“With Sinsaenum, I want it to be raw and dirty and disgusting, just like the cover”
Free time is a rare privilege for Frédéric Leclercq. The leader and chief songwriter in death metal powerhouse Sinsaenum, he is also acting as the group’s manager and booking agent. As Already Heard catches up with Leclercq a week before the release their second full-length record, ‘Repulsion for Humanity’, he’s got a lot to keep his mind occupied.
“I have to take care of the tour which involves finding someone to sponsor us and finding support bands,” Frédéric explains, taking into account where his thoughts currently lie as the album’s release draws closer. “I know it’s coming soon, and I have to schedule some stuff to promote the release, but I don’t really have the time to sit back and enjoy the fact that the music is gonna be out soon. I’m the one dealing with all the different steps, which is interesting because I know exactly what’s going on, but it involves a lot of work.”

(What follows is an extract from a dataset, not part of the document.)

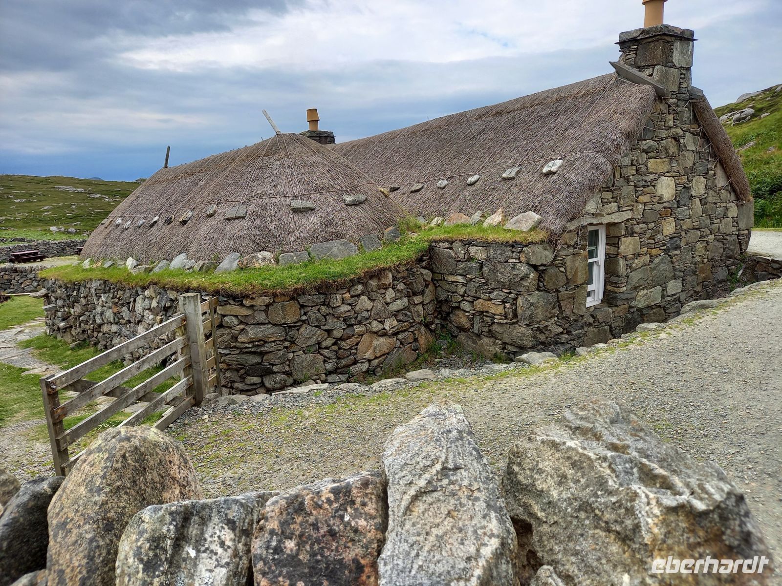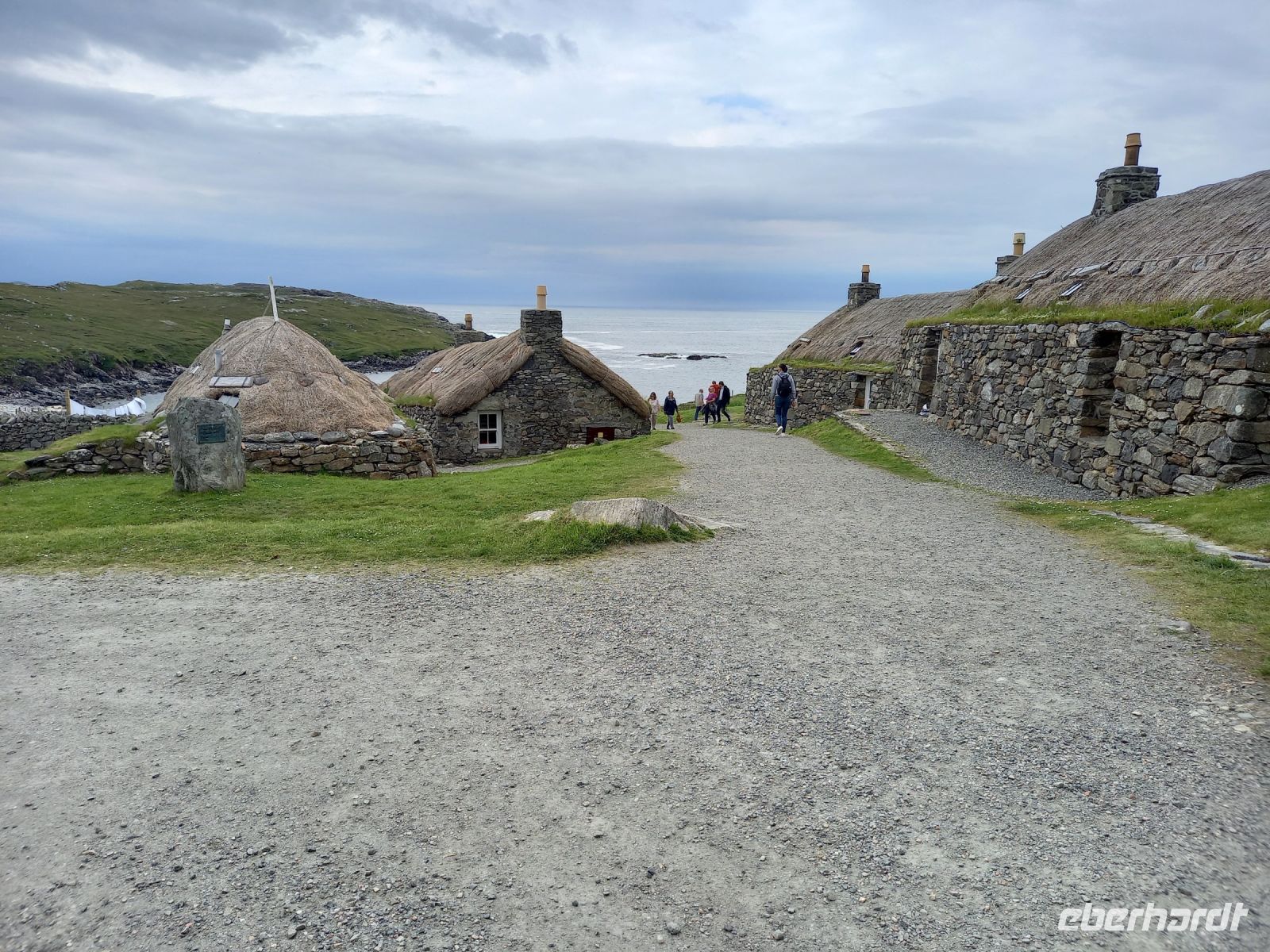 Wir waren auf Lewis unterwegs, das trotz seines rauhen Klimas zahlreiche Spuren prähistorischer und mittelalterlicher Besiedlung trägt. Wir begannen unsere heutige Rundfahrt von Stornoway aus nach Norden und schickten uns nach einem Fotostopp am „Whalebone Archway“, einem originellen Hofeingang aus dem Kiefer eines Blauwals, an, dem Hebridendorfes An Gerannean einen Besuch abzustatten. Hier jedoch ereilte uns ein Missgeschick – unser Bus rutschte auf der recht schmalen Straße in einen Graben und hatte sich sofort festgefahren. Wir kamen alle mit dem Schrecken davon, niemanden war etwas passiert – nur der Bus saß fest! Überwältigend war die Freundlichkeit und Hilsbereitschaft der Bevölkerung aus den umliegenden Gehöften, die sofort Hilfe holten. So gelöang es, dass uns trotz der abgelegenen Strecke am frühen Nachmittag ein Hilsfahrzeug aus dem Graben zog und wir die Fahrt, zwar mit einiger Verspätung und leicht lädiertem, aber verkehrsicherem eigenen Bus fortsetzen konnten. Natürlich haben wir uns das Ziel dieser Fahrt, die alte Fischersiedlung, bestehend aus (restaurierten) Hebriden-Hütten, sogenannten „Blackhouses“ nun doch noch angesehen. Malerisch liegen die alten strohgedeckten Hütten mit ihren dicken Mauern aus Trockenmauerwerk direkt am Ozean. Die Hütten repräsentieren den einst für alle Hebridendörfer üblichen traditionellen Haustyp, in dem einst Menschen und Haustiere, nur durch eine Lehmwand getrennt, unter einem Stroh- oder Grasdach zusammen.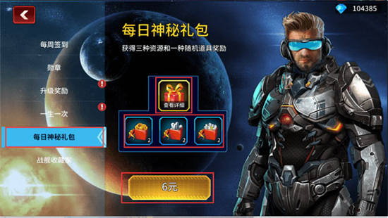 第三、福利中心里面的每日神秘禮包每天可以購買一次6元,可以獲取各5W的能源,外交一個隨機(jī)箱子,基本都是出強(qiáng)化材料和升星材料

What started off as a one-man side project, Sinsaenum has continued to blossom like graveside flowers since the release of 2016 debut album ‘Echoes of the Tortured’. Comprising an all-star lineup featuring Joey Jordison (ex-Slipknot, Vimic) on drums, Attila Csihar (Mayhem) and Sean Zatorsky (ex-Dååth) on vocals, alongside guitarist Stéphane Buriez and bassist Heimoth, Sinsaenum is already an established unit, albeit one yet to play a show. And with this lineup in place, Frédéric is already noticing changes in songwriting to suit it.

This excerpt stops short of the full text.